#### [ACTIVITY]
From first line to last, transcribe the listing exactly and skip any image.

Segment Start: INFORMATION SHOWN

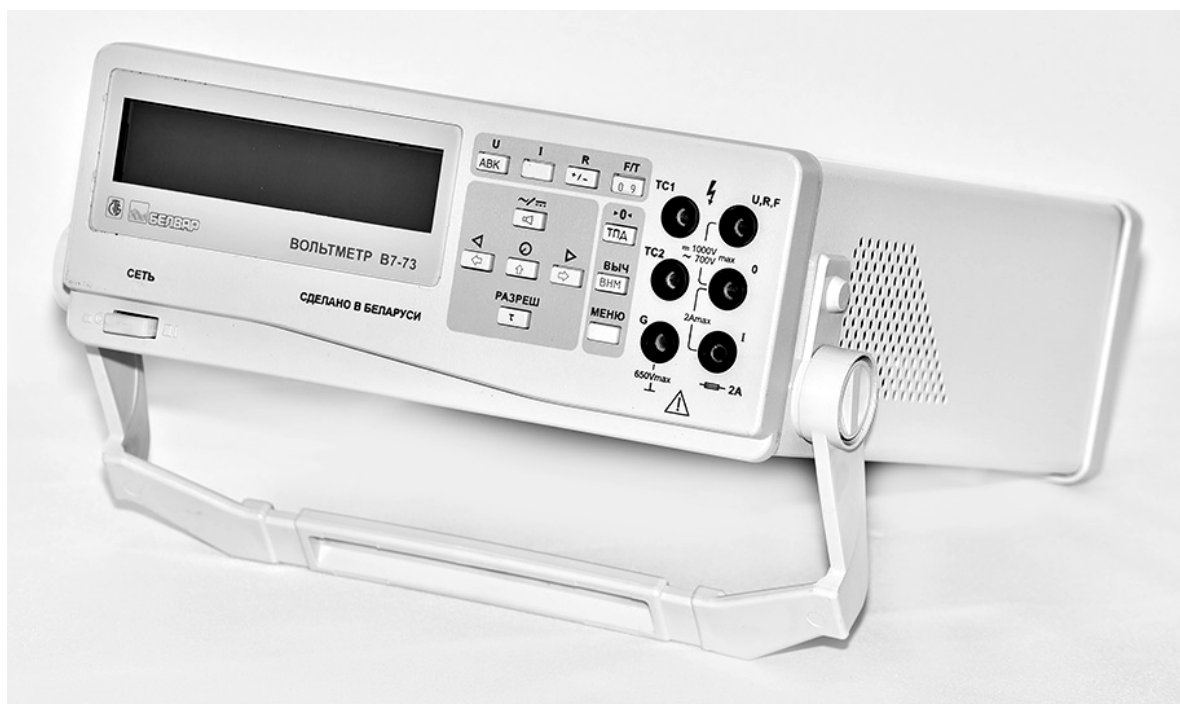
Рисунок 1 – Общий вид вольтметра В7-73

Вольтметр опломбирован на задней панели в одном из отверстий крепежных винтов. Общий вид вольтметра приведен на рисунке 1.
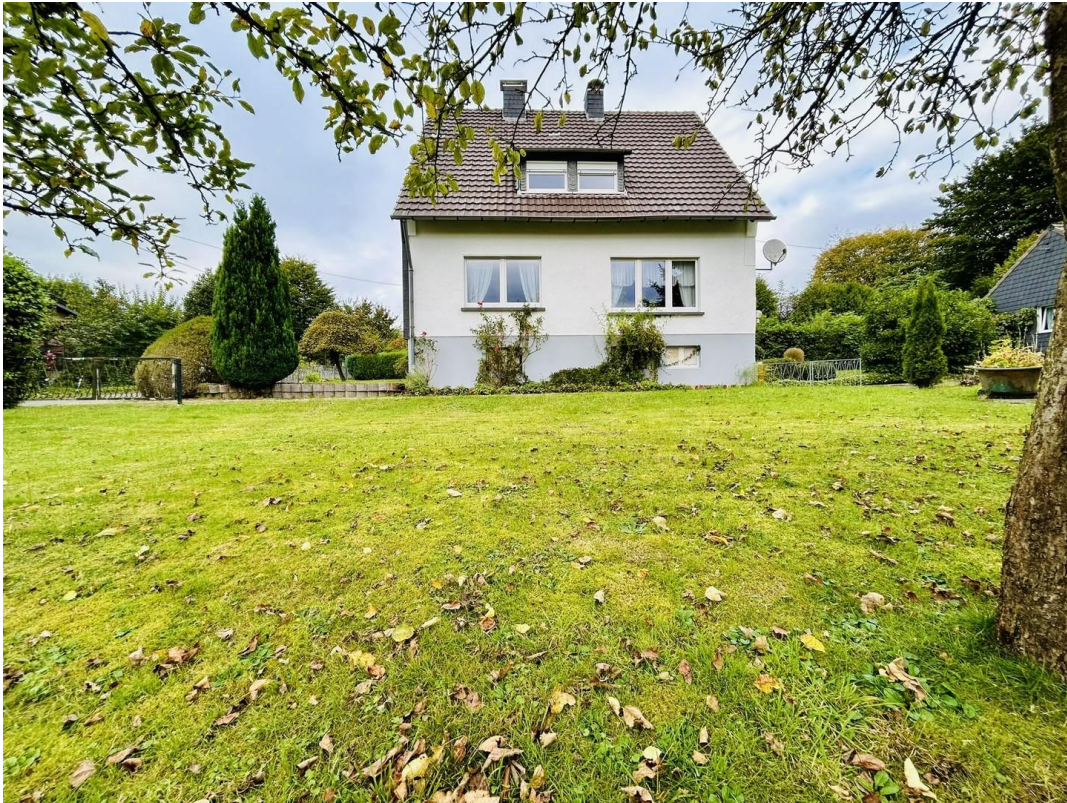
Seitenansicht vom Garten aus

Segment End: INFORMATION SHOWN

#### [YOUR RESPONSE]
Рисунок 1 – Общий вид вольтметра В7-73

Вольтметр опломбирован на задней панели в одном из отверстий крепежных винтов. Общий вид вольтметра приведен на рисунке 1.
Seitenansicht vom Garten aus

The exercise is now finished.